Congressional Leaders Push for EHR Stage 3 Delay

On September 28, two Senate committee chairmen submitted a letter to HHS urging administrators to delay final rulemaking for Meaningful Use Stage 3 rules under the Medicare and Medicaid Electronic Health Record Incentive Program.  Sens. Lamar Alexander (R-TN) and John Thune (R-SD) wrote that requirements for Stage 3 of the program should be issued no sooner than January 1, 2017, in order to give the department time to evaluate provider participation in the modified Stage 2 rule.

The letter follows a separate letter sent by 116 members of the House to HHS and the Office of Management and Budget on Monday.  The House letter, led by Reps. Renee Ellmers (R-NC) and Tom Price (R-GA), reiterated the importance of refraining from finalizing Stage 3 until the impact of Stage 2 has been measured.

Congress Passes Spending Bill to Prevent Government Shutdown

On September 30, the House and Senate completed action on a 10-week continuing resolution spending bill (H.R. 719).  The measure maintains the current government funding level from the past year for federal agencies and programs until December 11, 2015.  The stopgap measure buys time for Congress to negotiate on a full-year spending package.  

A lingering issue is disagreement over whether to adjust the spending caps put in place by budget sequestration.  Any changes to sequestration spending caps would impact the level of funding for health care agencies but would not directly address the ongoing two percent sequestration spending cut to Medicare provider payments.  

House Committees Approve Reconciliation Language

On September 30, the House Energy and Commerce and Ways and Means Committees approved reconciliation language that, when combined, would repeal the ACA’s individual and employer mandates, the Independent Payment Advisory Board, taxes on medical devices on high-cost employer health plans, the requirement for large companies to auto-enroll their employees in health coverage and block federal funds to Planned Parenthood.  Reconciliation is a budget maneuver that requires only 51 votes to clear the Senate.  Were the measure to pass the Senate, which is highly unlikely, President Obama would certainly veto it.  
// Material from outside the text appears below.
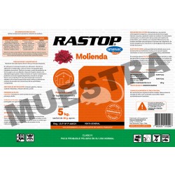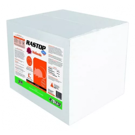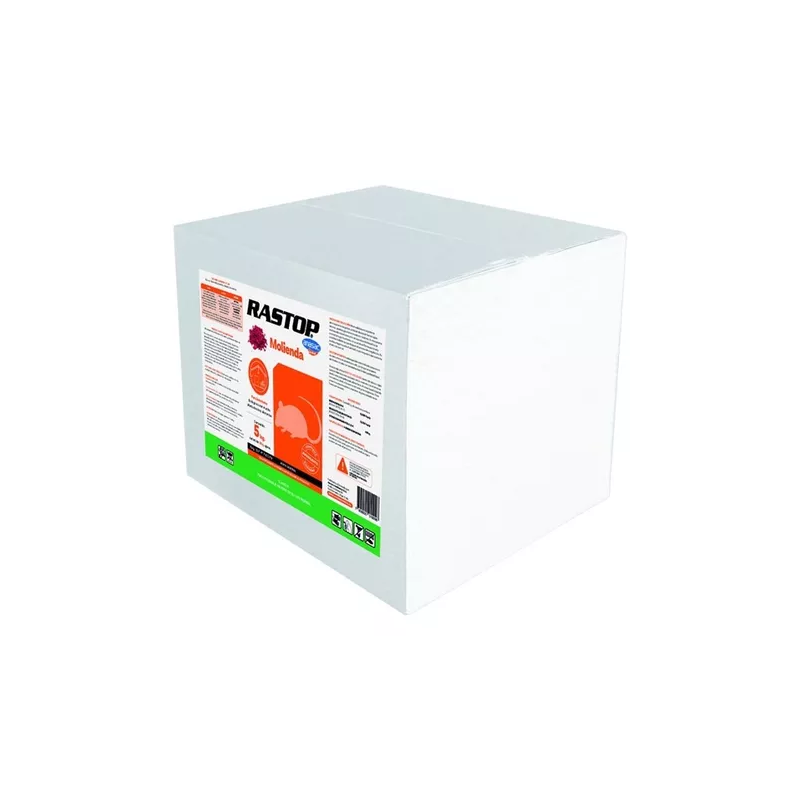 Rodenticida en pellet para uso intradomiciliario y lugares interiores en general (oficinas, bodegas, lugares públicos, patios para planteles de animles). Se puede aplicar en cocinas, lavaderos, entretechos y lugares resguardados. Rastop Pellet, es un efectivo rodenticida de segunda generación, formulado con Bromadiolona como ingrediente activo, el cual presenta un excelente grado de control y un alto grado de seguridad para animales no objetivos y animales domésticos. Rastop Pellet, es efectivo en una sola dosis, mata todo tipo de ratas y ratones, urbanos y silvestres al consumir su dosis letal en una sola ingesta, incluso aquellos roedores resistentes a otros anticoagulantes convencionales. Rastop Pellet no produce rechazos en la colonia, ya que posee una fórmula muy apetecida, debido a su atractivo olor, sabor y textura. Rastop Pellet es un efectivo y potente inhibidor de la síntesis de protrombina. Ingrediente activo: Bromadiolona y Benzoato de Denatonio.

Senate Approves Legislation to Extend Medicaid Emergency Psychiatric Demonstration Program

On September 28, the U.S. Senate passed S. 599, a bill that extends for a year the Medicaid Emergency Demonstration Project.  The legislation, which was sponsored by Sens. Ben Cardin (D-MD) and Pat Toomey (R-PA), would allow eligible states to pay certain institutions for mental disease and emergency psychiatric care provided to Medicaid enrollees aged 21 to 64.  If the measure passes the House and is signed into law, the bill would also give HHS discretion to expand the demonstration nationwide and continue it for an additional three years.  It would also require HHS to recommend by April 2019 whether to make the demonstration project permanent. 

Health Care-Related Bills Introduced This Week

Sen. Pat Toomey (R-PA) introduced a bill (S. 2108) that would amend Title XVIII of the Social Security Act to provide for an extension of certain long-term hospital payment rules and the moratorium on the establishment of certain hospitals and facilities.  

Next Week in Congress

The Senate and House return on October 5 and October 6, respectively.  On October 8, House Republicans will hold elections for new leaders in the wake of Speaker Boehner’s sudden announcement that he will resign from Congress on October 30.  The elections, which are closed-door and done through secret ballot, will replace Speaker Boehner and likely select a new leadership team.  The change in leadership shouldn’t substantially change the future of health care-related bills in the House.  

Current Majority Leader Kevin McCarthy (R-CA) is expected to win the speakers gavel, which opens the door for a majority leader election.  Reps. Tom Price, M.D. (R-GA) and Steve Scalise (R-LA), who is the current majority whip (the number three position in the House), are vying for the majority leader position.